→ **Exercise instructions**: Please repeat the lines below, exactly and only, from the one that holds "Rondom het kasteel" through the one that holds "آشپزی در طبیعت".

→ **Records supplied**:

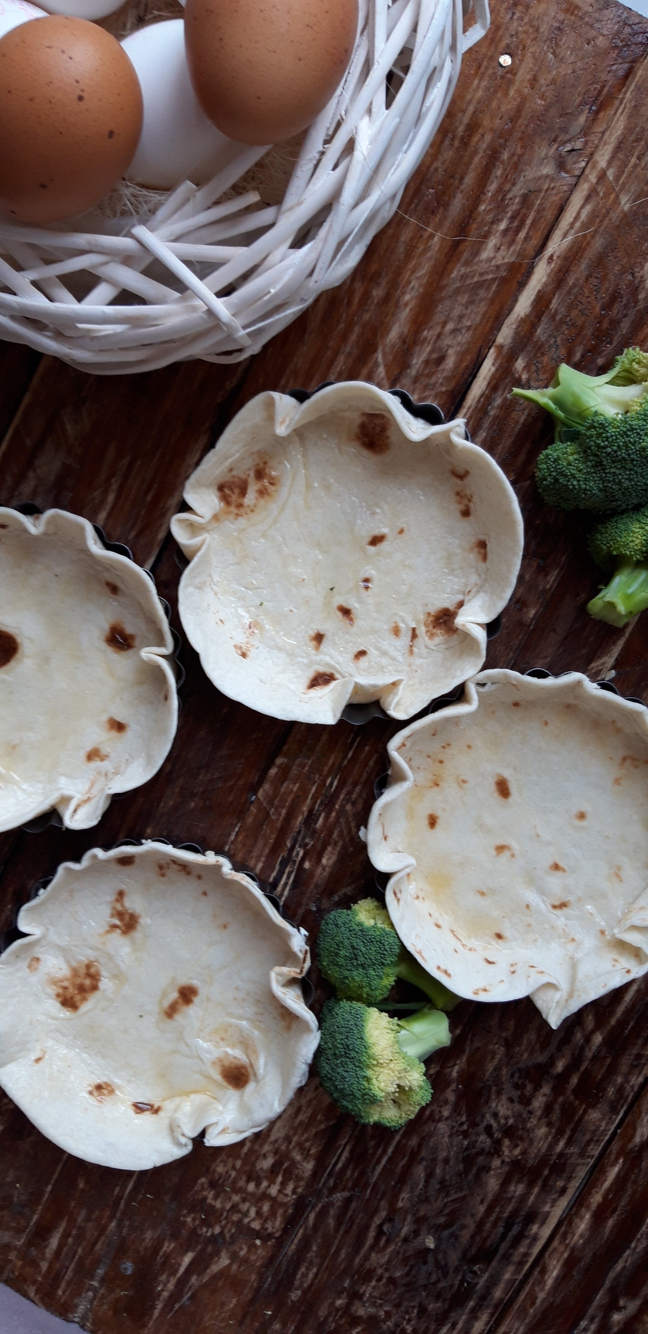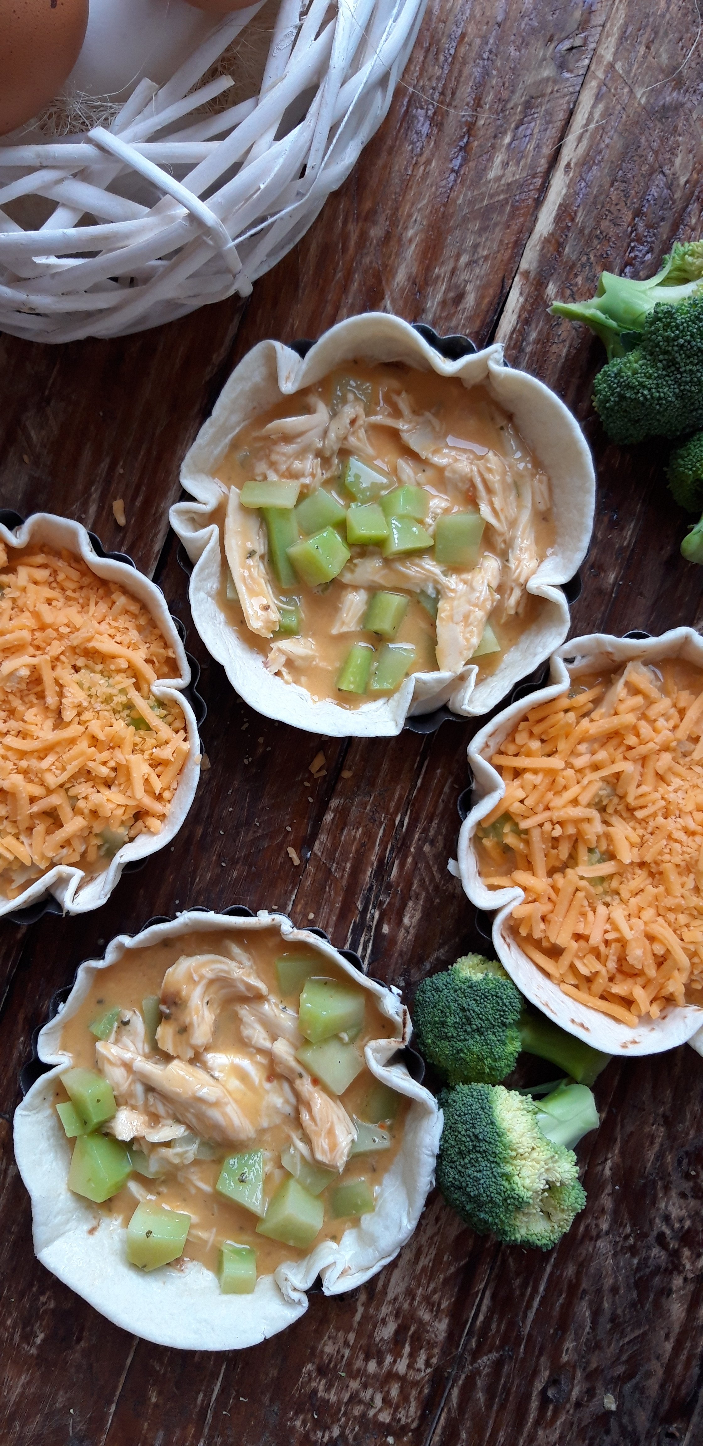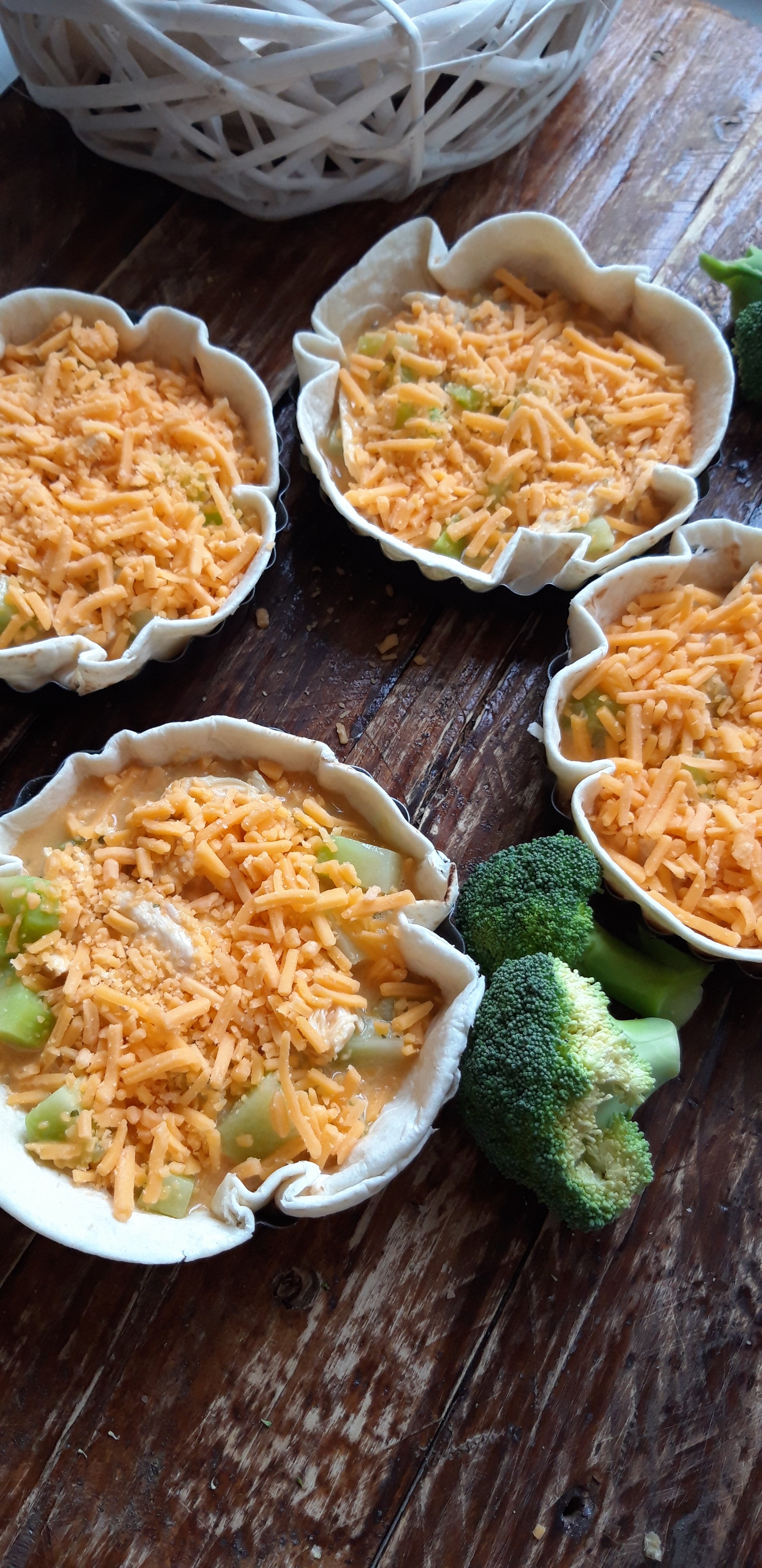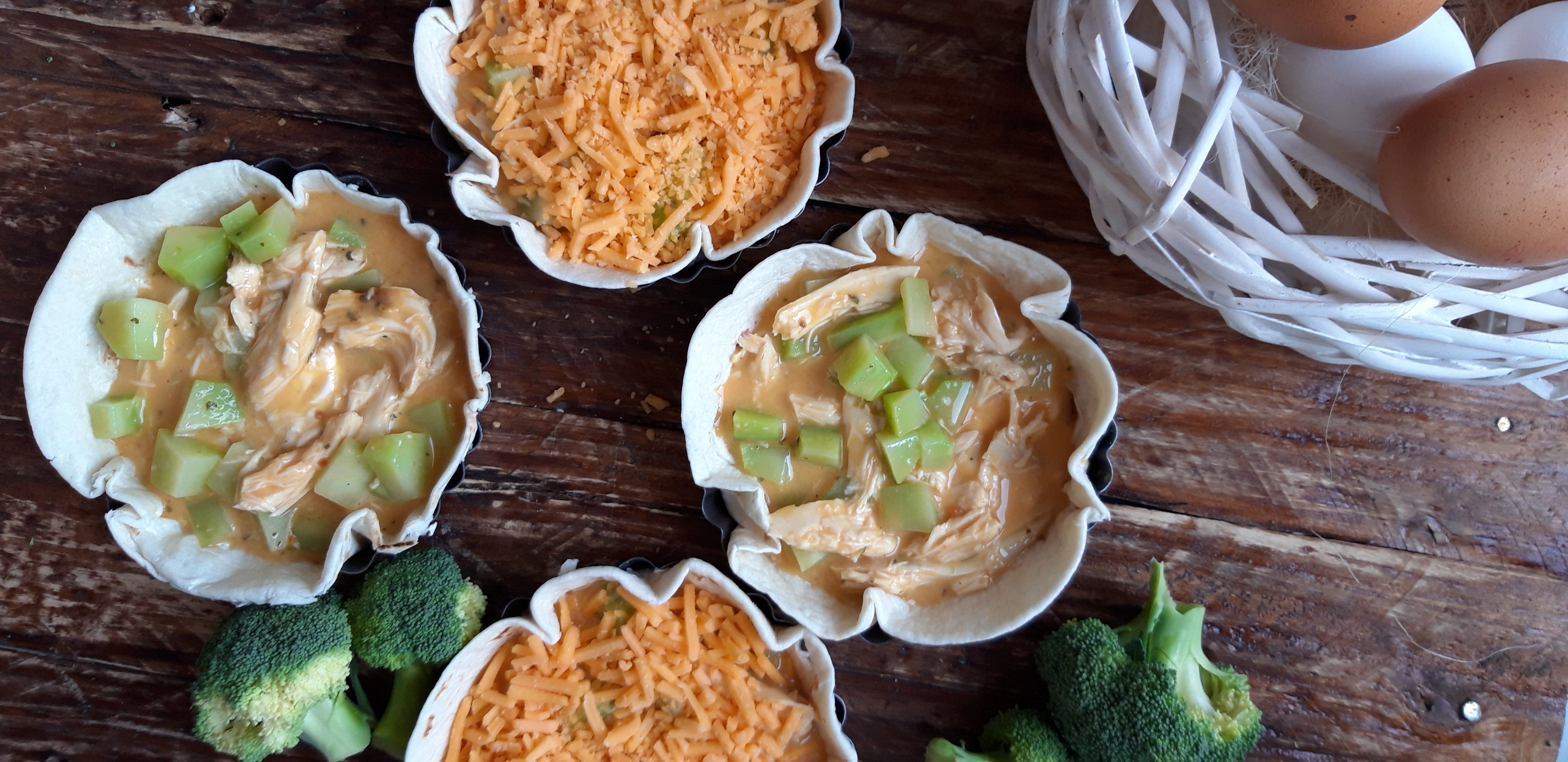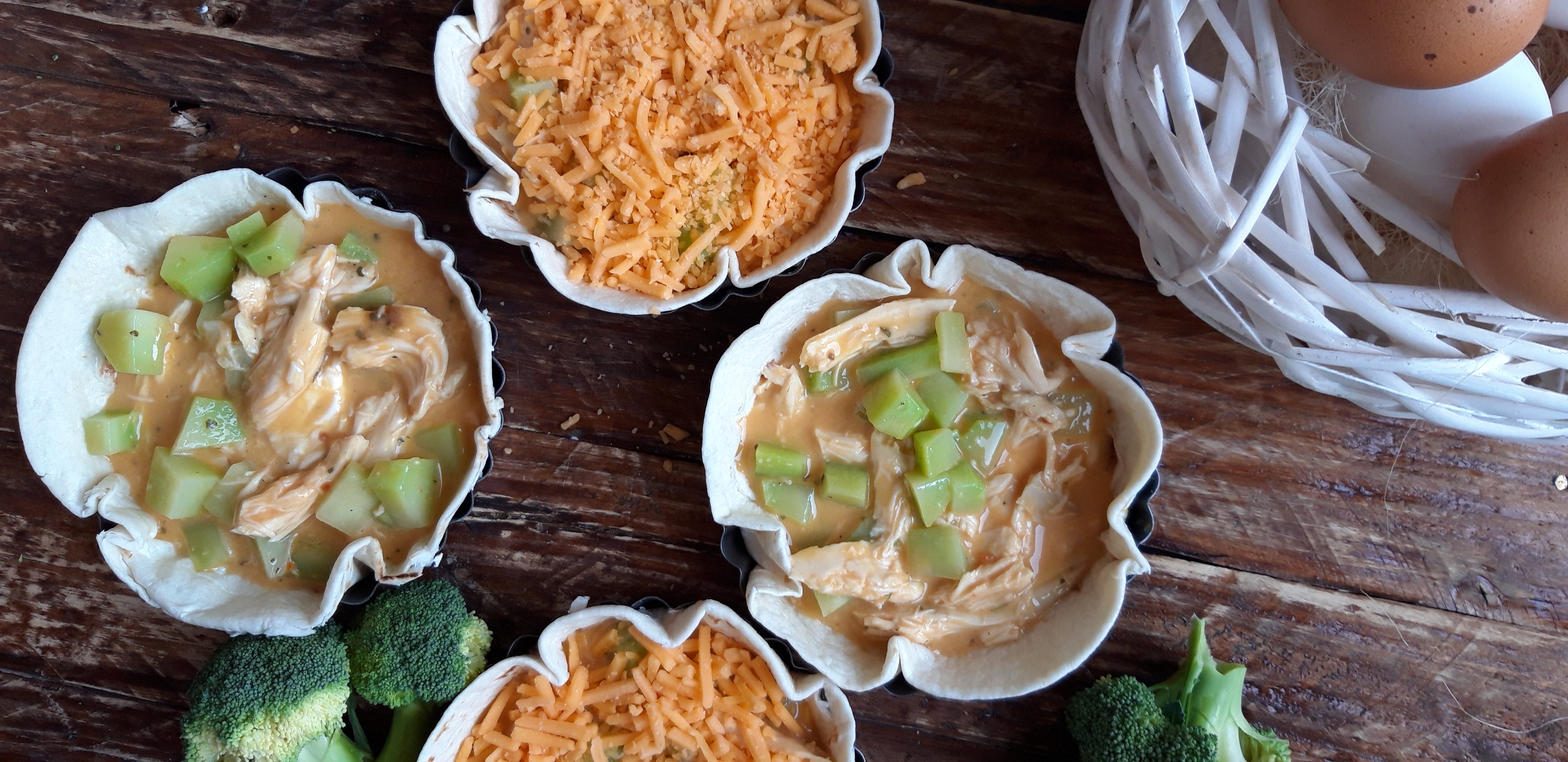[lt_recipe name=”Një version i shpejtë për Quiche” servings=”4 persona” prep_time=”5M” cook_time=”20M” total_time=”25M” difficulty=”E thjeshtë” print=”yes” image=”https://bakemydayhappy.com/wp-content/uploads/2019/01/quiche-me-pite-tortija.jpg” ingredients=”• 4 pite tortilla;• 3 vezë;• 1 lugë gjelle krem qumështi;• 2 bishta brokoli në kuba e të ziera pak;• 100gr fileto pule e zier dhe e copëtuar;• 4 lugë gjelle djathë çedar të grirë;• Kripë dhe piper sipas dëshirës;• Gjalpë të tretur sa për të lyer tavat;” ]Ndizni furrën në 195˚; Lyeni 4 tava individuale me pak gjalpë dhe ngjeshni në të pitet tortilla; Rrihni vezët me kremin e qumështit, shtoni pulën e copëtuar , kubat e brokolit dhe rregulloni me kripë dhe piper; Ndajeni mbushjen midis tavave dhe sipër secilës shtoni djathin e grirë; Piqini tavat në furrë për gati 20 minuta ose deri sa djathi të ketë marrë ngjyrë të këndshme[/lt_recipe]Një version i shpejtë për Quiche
...
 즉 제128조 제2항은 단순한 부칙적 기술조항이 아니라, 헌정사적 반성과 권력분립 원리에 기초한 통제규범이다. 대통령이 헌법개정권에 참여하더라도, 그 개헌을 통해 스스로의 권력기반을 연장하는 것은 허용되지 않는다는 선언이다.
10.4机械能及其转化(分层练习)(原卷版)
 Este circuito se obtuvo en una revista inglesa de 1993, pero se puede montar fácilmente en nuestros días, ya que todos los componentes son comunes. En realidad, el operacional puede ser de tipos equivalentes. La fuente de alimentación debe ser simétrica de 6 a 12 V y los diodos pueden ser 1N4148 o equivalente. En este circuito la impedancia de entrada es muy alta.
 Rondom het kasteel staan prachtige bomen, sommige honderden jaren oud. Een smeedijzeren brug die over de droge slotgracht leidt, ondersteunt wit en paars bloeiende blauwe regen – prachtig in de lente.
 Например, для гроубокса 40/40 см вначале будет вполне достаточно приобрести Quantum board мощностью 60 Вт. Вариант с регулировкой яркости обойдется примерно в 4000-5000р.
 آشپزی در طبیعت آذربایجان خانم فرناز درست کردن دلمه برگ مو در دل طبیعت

→ **Answer space**:
 Rondom het kasteel staan prachtige bomen, sommige honderden jaren oud. Een smeedijzeren brug die over de droge slotgracht leidt, ondersteunt wit en paars bloeiende blauwe regen – prachtig in de lente.
 Например, для гроубокса 40/40 см вначале будет вполне достаточно приобрести Quantum board мощностью 60 Вт. Вариант с регулировкой яркости обойдется примерно в 4000-5000р.
 آشپزی در طبیعت آذربایجان خانم فرناز درست کردن دلمه برگ مو در دل طبیعت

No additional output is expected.